An innovative test developed by researchers at the University of Michigan Comprehensive Cancer Center has the potential to improve prostate cancer detection. It is a urine-based assessment that can detect more aggressive types of prostate cancer when compared to traditional tests based on the levels of prostate serum antigen (PSA).
The University of Michigan has been committed to improve prostate cancer diagnosis with a special focus on those subtypes that require immediate treatment. This new test, named Mi-Prostate Score, or MiPS, combines PSA with 2 markers for prostate cancer, T2:ERG and PCA3, which can be detected through urine samples. This test has been available for clinical use since September 2013.

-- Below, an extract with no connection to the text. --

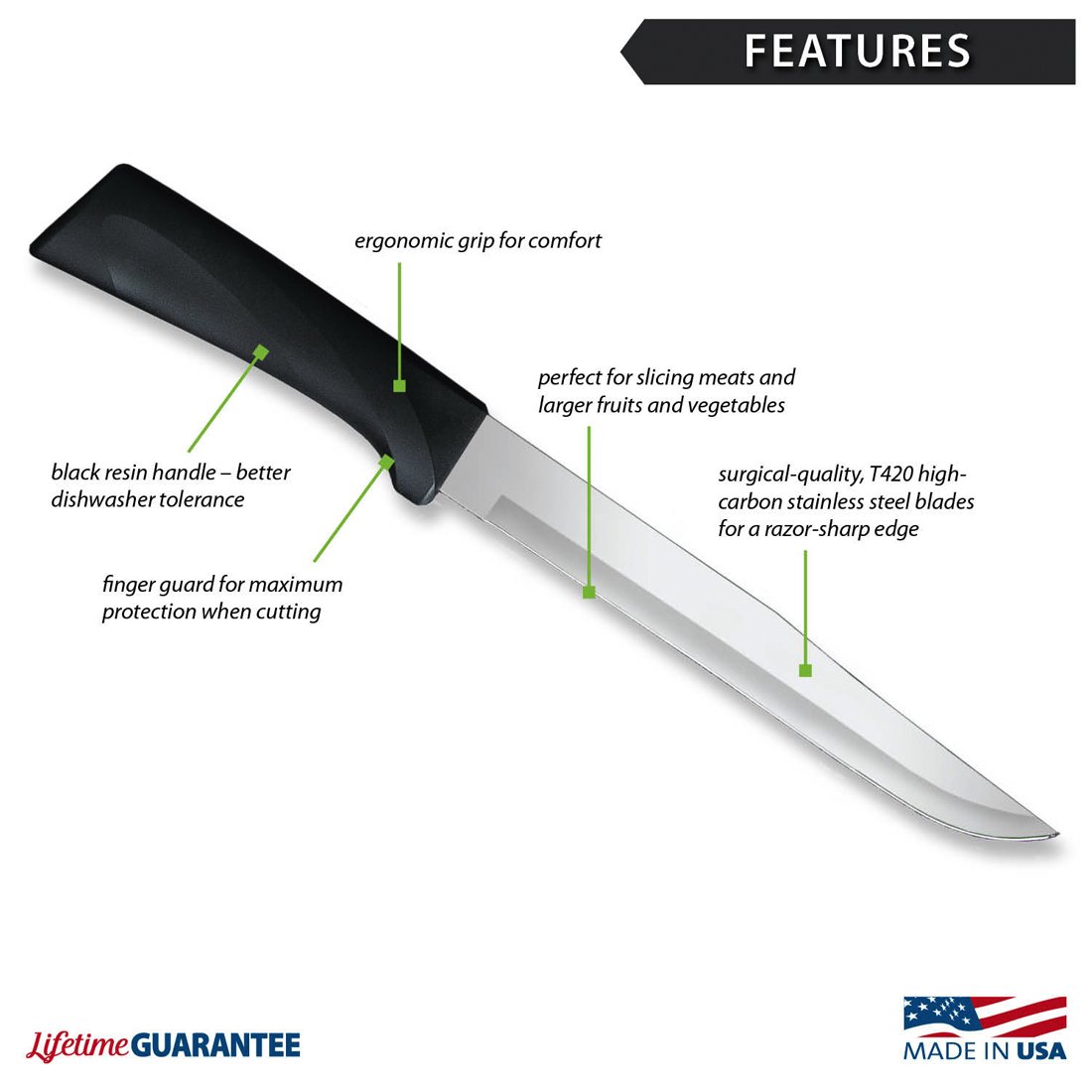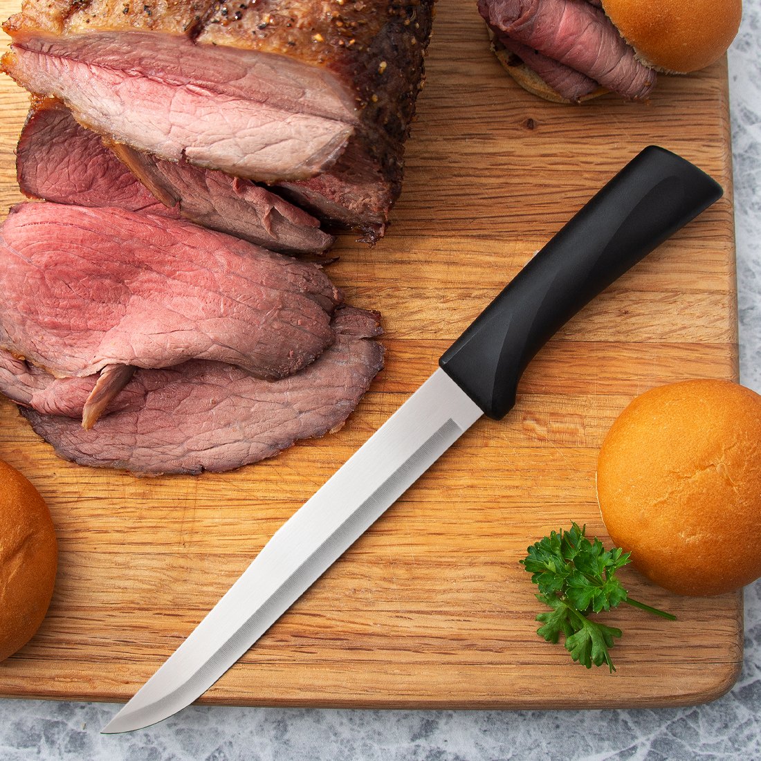 The razor-sharp edge of Rada’s Anthem Slicer (7″ blade / 11⁵/8\” overall) will easily slice through whole pork loin, turkey, prime rib, or roast. Cut up ingredients for stew, slice a head a cabbage for the grill, or easily cut through any type of melon. This knife, at a fraction of the price of others on the market, is ideal for just about any kitchen task.

“Around 50 percent of men who undergo a prostate biopsy will not have cancer. We need better ways to manage elevated PSA and determine who really needs to have a biopsy. MiPS gives men and their doctors better information to help make those decisions,” noted Scott A. Tomlins who is the lead study author and assistant professor of at the University of Michigan Medical School.
Researchers studied a total of 1,977 men who underwent prostate biopsy due to high PSA levels. Using urine samples, scientists conducted the MiPS test and compared the outcomes to several different scenarios with combinations of PSA, PCA3, T2:ERG and other PSA-based tests possible to use as risk calculators. How well each individual biomarker could predict the odds of developing cancer was assessed, with each combination of biomarkers considered and evaluated. The test has the capacity to deliver individual risk estimates of prostate cancer development in each individual patient.

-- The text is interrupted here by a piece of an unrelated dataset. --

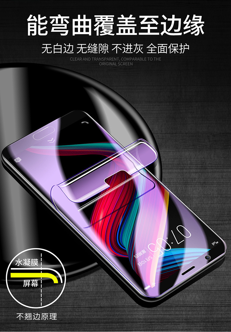 oppor11s钢化水凝膜r11抗蓝光R11Splus手机曲面全屏覆盖r11plus原装软全包无白边软边磨砂0ppo前贴膜mo防摔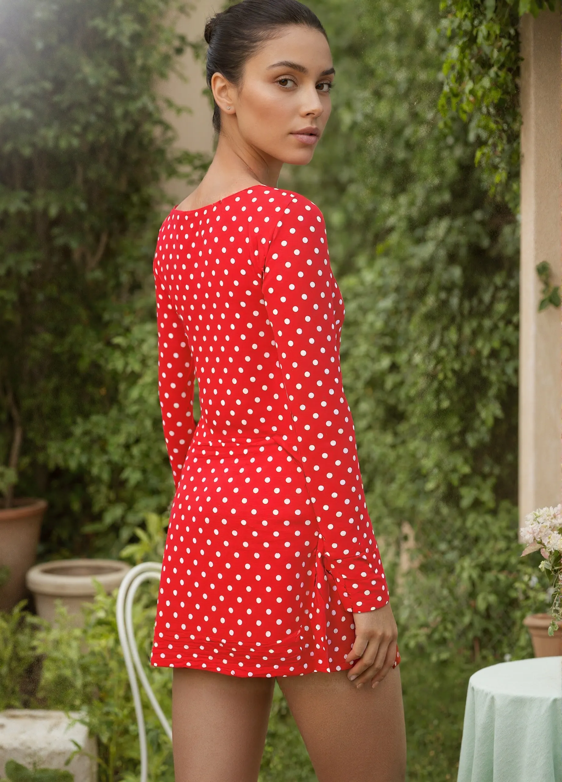 Red Color Polka Dot Print Dress v Neck Lace up Long Sleeve Casual Fashion Mini Dresses for Women

The MiPS test has the potential to reduce the number of biopsies necessary by one-third, while delaying the diagnosis of only about 1 percent of high-risk prostate cancers.

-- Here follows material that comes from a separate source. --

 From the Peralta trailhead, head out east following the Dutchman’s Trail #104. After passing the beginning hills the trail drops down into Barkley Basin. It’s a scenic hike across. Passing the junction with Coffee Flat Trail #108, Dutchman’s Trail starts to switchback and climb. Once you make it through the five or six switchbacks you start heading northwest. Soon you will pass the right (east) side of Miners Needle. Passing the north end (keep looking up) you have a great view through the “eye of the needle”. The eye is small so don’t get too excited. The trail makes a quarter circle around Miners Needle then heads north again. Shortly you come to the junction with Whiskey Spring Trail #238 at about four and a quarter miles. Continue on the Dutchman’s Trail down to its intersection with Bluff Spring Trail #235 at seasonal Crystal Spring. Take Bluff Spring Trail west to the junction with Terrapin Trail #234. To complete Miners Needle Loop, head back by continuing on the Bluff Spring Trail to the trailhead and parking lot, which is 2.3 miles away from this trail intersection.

“MiPS gives men a more individualized risk assessment for prostate cancer, so that men concerned about their serum PSA levels can have a more informed conversation with their doctor about next steps in their care,” said Tomlins.
PCA3 is FDA-approved for the assessment of prostate cancer risk in males with an existent negative biopsy. The majority of men enrolled in this study were undergoing initial biopsy, which suggests MiPS can be effective earlier in the detection process.